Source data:
▬▬▬▬▬▬

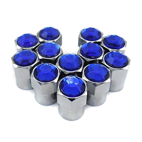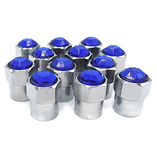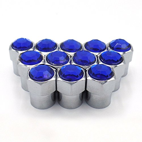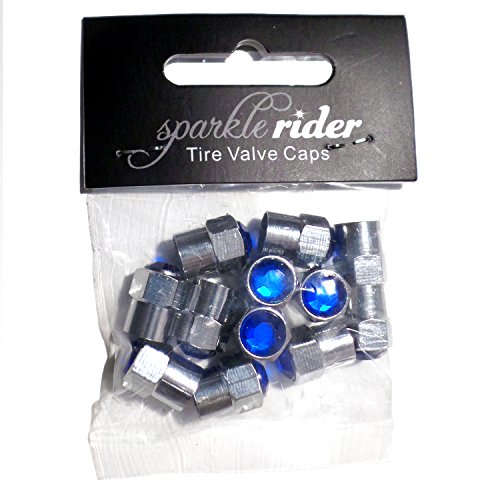 Sparkle Rider Valve Stem Caps - Custom Blue Crystal Rhinestone Bling - Chrome plated metal cap fits Schrader valves - Cool tire rim air covers for your car, motorcycle or bicycle wheels - 12 pc set
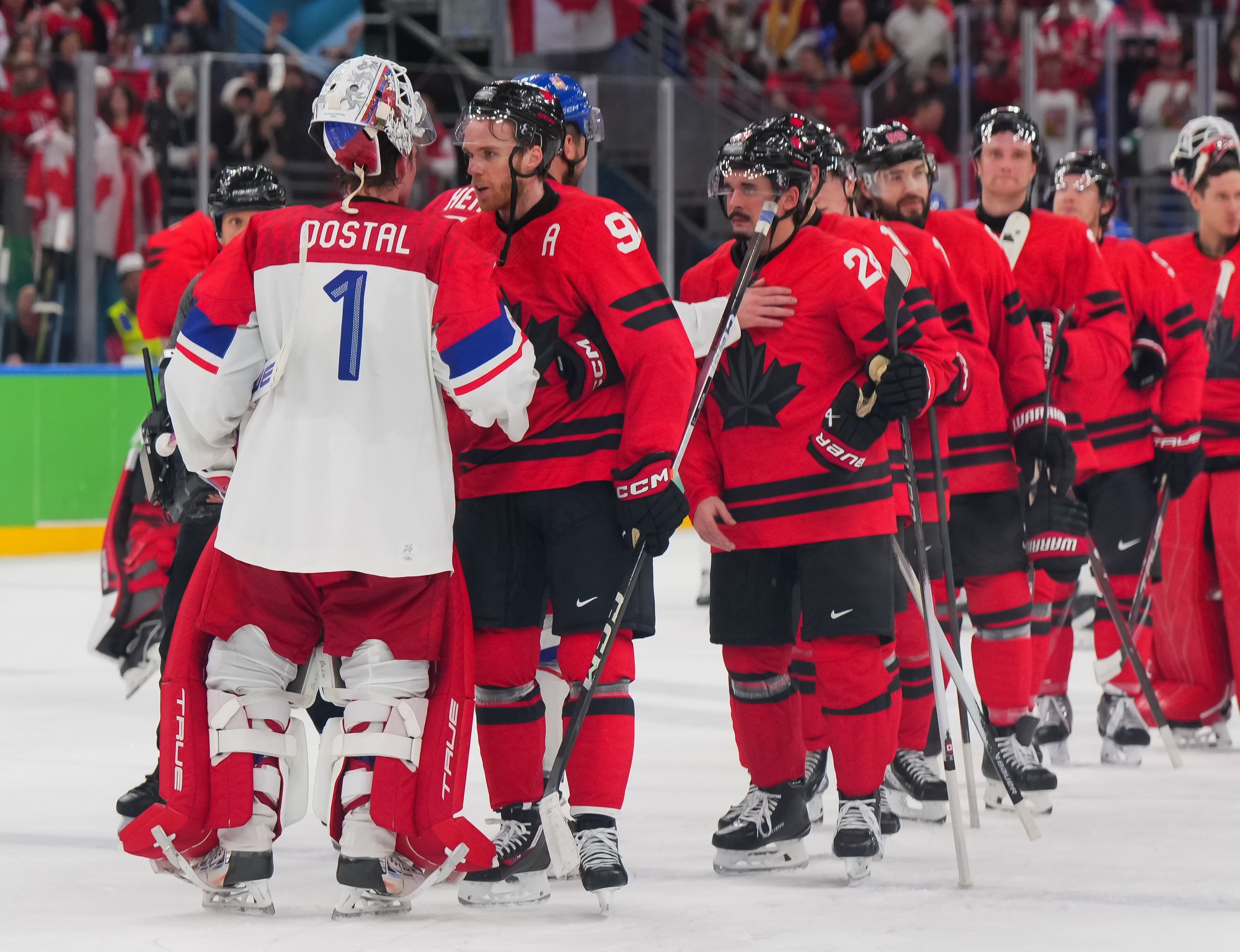 Canada outshot Czechia 41-24. Canadian goalie Jordan Binnington, who played in the opening 5-0 win over Czechia and the 10-2 rout of France, got the job done. Dostal was exceptional in the Czech net.
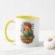 This combo mug features a cheerful illustration of a colorful parrot with closed eyes and a floral crown, surrounded by playful butterflies, hearts, clouds and sparkles. The bold “POSITIVE VIBES” lettering adds an uplifting message that makes the design feel warm, optimistic and full of joy. The contrasting interior color of the combo mug enhances the vibrant artwork, creating a fun, modern piece perfect for morning motivation, cozy breaks or as a happy, feel‑good gift.
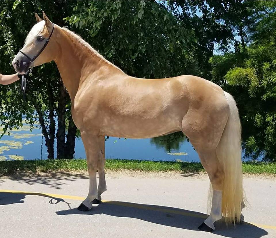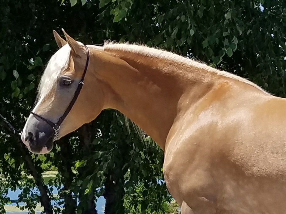 We are excited to announce that Rafinja returned home in December 2016! Raffy sold inutero, and we have been trying to purchase this spectacular filly back ever since she was born. She is currently 14.3H tall and growing (at almost exactly three years of age), possesses a stunning gold color with pure white mane and tail, and still has the exceptional movement she had as a filly that won her Gold Premium and Site Inspection Champion at her 2014 RSPI inspection!
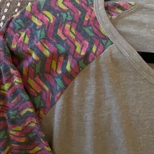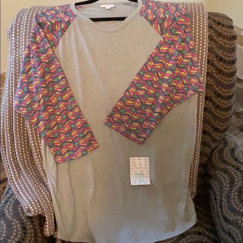 Brand new, never worn LuLaRoe Randy. Grey body with printed sleeves. Never worn.
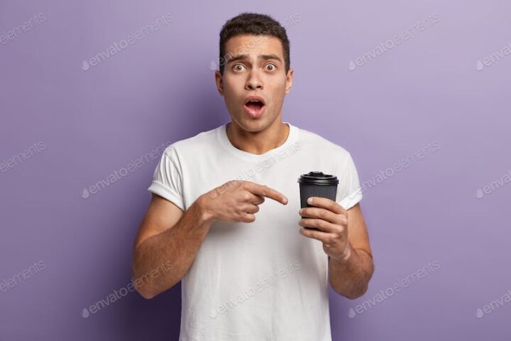 Shot of stupefied young guy points finger at takeaway coffee surprised to have empty paper cup with
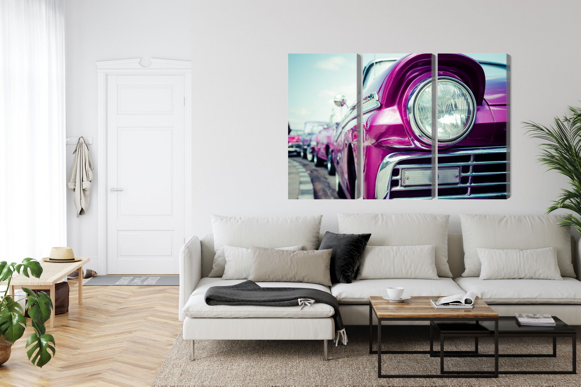 Motivet Retro style car headlight återges med hög färgprecision och detaljrikedom tack vare HP Latex-teknologi. Trycket sker med vattenbaserade, luktfria och GREENGUARD Gold-certifierade bläck som ger en upplösning på upp till 300 DPI. Färgerna är UV-beständiga och behåller sin styrka även i ljusa rum, vilket gör tavlan lämplig för både hem- och offentliga miljöer.
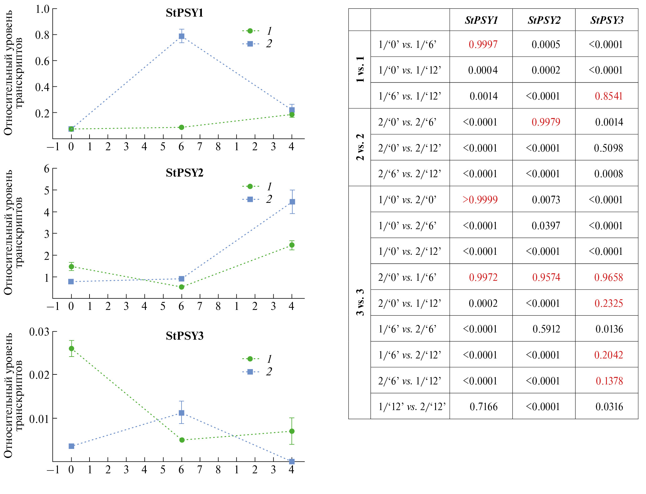 Рис. 2. Уровень экспрессии генов StPSY1 (NCBI Gene ID 102593756), StPSY2 (102589336) и StPSY3 (102603193) в листовой ткани контрольных (1) и опытных (2) проростков [0 ч 23°С (‘0’); 6 ч темновой фазы, 23°С/3°С (‘6’); 4 ч световой фазы 23°С (‘12’)] образцов картофеля сорта Леди Клэр. Дневной и ночной периоды обозначены под графиками белым и серым боксами соответственно. Праймеры: PSY1 (5´-catgctcgatggtgctttgtc-3´ и 5´-gacttcctcaagtccatacgca-3´); PSY2 (5´-aactgagctctgctagtagatg-3´ и 5´-gcactagagatcttgcataagca-3´); PSY3 (5´-gcctagtttagccattcaatagac-3´ и 5´-gcctagagttgatcgaacgattc-3´). Данные нормализованы по двум референсным генам: ef11 (LOC102600998; 5´-attggaaacggatatgctcca-3´ и 5´-tccttacctgaacgcctgtca-3´) и SEC3A (LOC102599118; 5´-gcttgcacacgccatatcaat-3´ и 5´-tggattttaccaccttccgca-3´). Статистическая обработка (one-way ANOVA; “multiple comparisons, corrected with Bonferroni test”) проведена с помощью GraphPad Prism v. 8 (GraphPad Software Inc., США) на основе двух биологических и трех технических повторов (p < 0.05 для значимых различий); в таблице (справа) красным выделены p-value для незначимых различий.
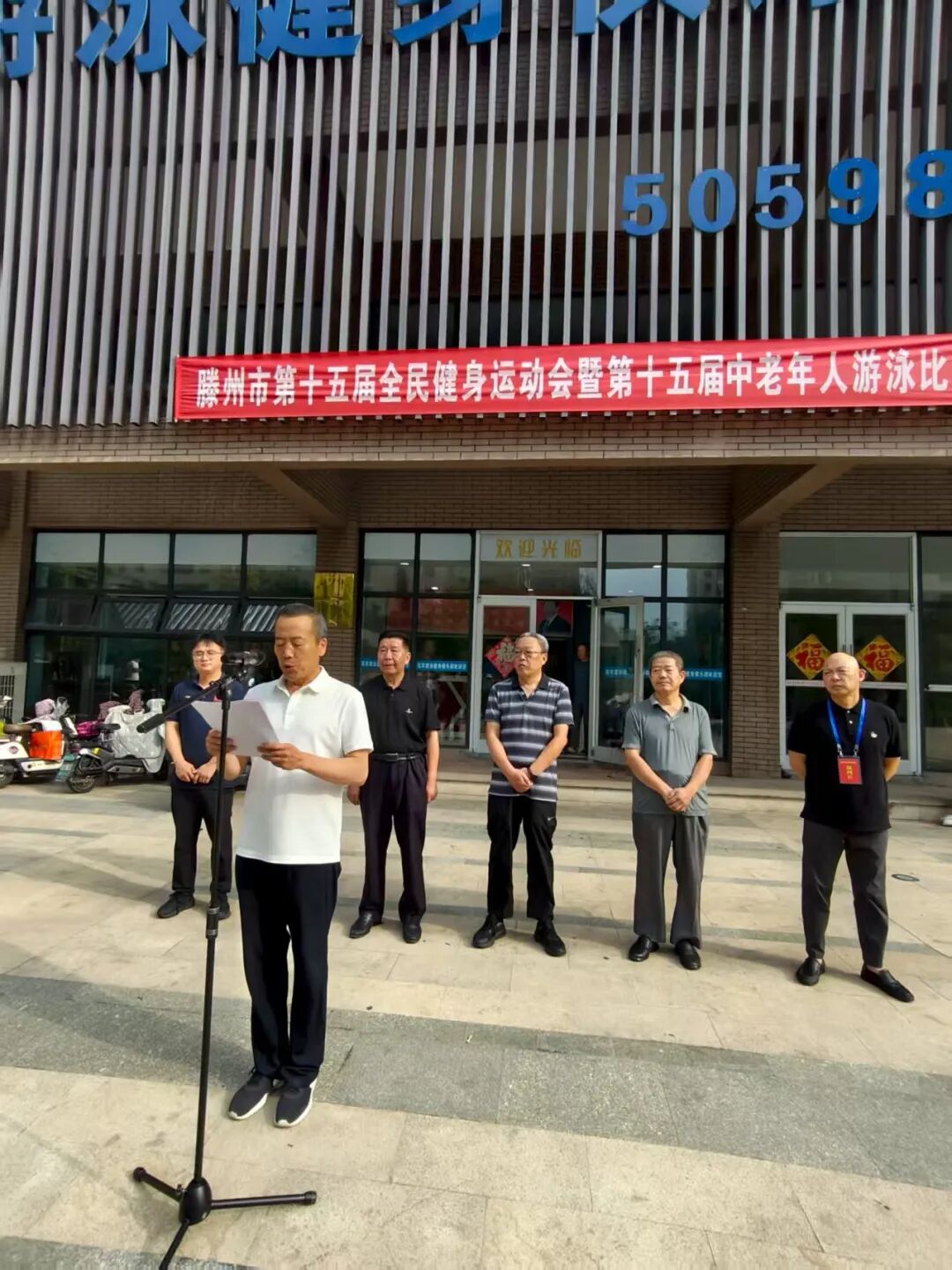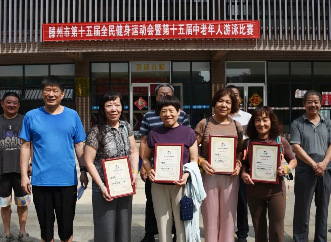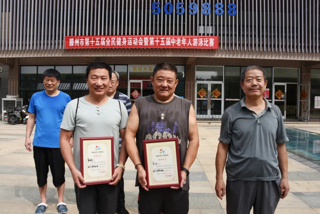 9月14日,滕州市第十五届全民健身运动会暨第十五届中老年人游泳比赛在人和蓝湾洺洋游泳健身俱乐部举行。此次比赛设男子组和女子组25米自由泳、蛙泳,50米自由泳、蛙泳八个项目,共有近百名中老年游泳爱好者参赛。枣庄市老年体协副主席、滕州市老年体协主席宗大全,副主席王玉亚、李继太,副秘书长甄文出席活动。
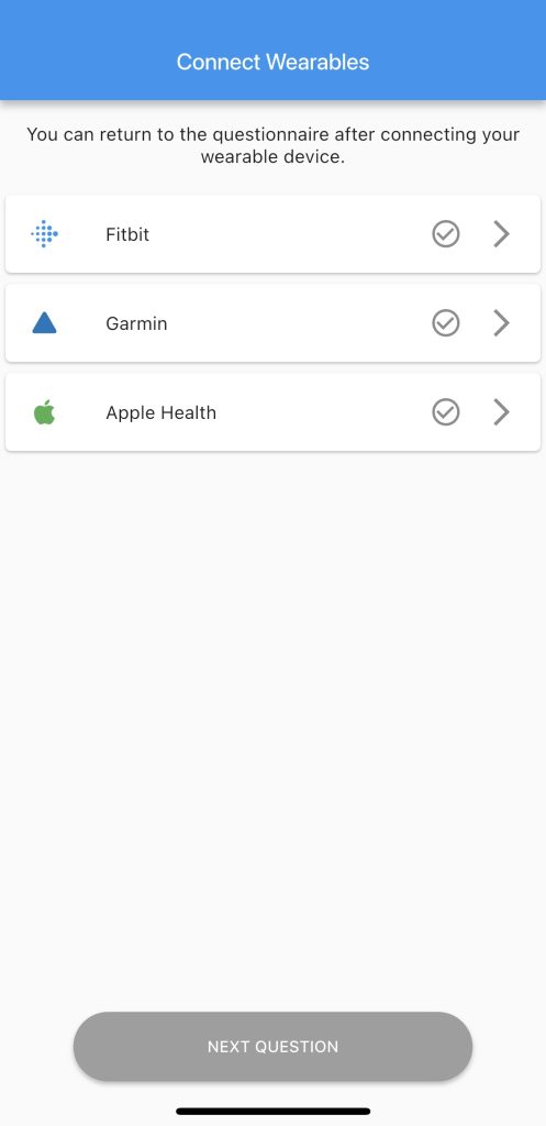An effective approach is to include the Connect Wearable item in an intake questionnaire that’s automatically triggered when participants first join your study. This ensures that wearable data collection begins immediately upon enrollment. This can also be used with invitation templates if you’re running a larger study, allowing you to bulk generate invitation codes with the wearable setup included (or even send custom invitation pages to participants explaining how to create accounts with the wearable manufacturer).

▬▬▬▬▬▬

Nothing but the lines from the start of the records through the line holding "Canada outshot Czechia" should be printed, exactly as written and with the pictures left out.

 Sparkle Rider Valve Stem Caps - Custom Blue Crystal Rhinestone Bling - Chrome plated metal cap fits Schrader valves - Cool tire rim air covers for your car, motorcycle or bicycle wheels - 12 pc set
 Canada outshot Czechia 41-24. Canadian goalie Jordan Binnington, who played in the opening 5-0 win over Czechia and the 10-2 rout of France, got the job done. Dostal was exceptional in the Czech net.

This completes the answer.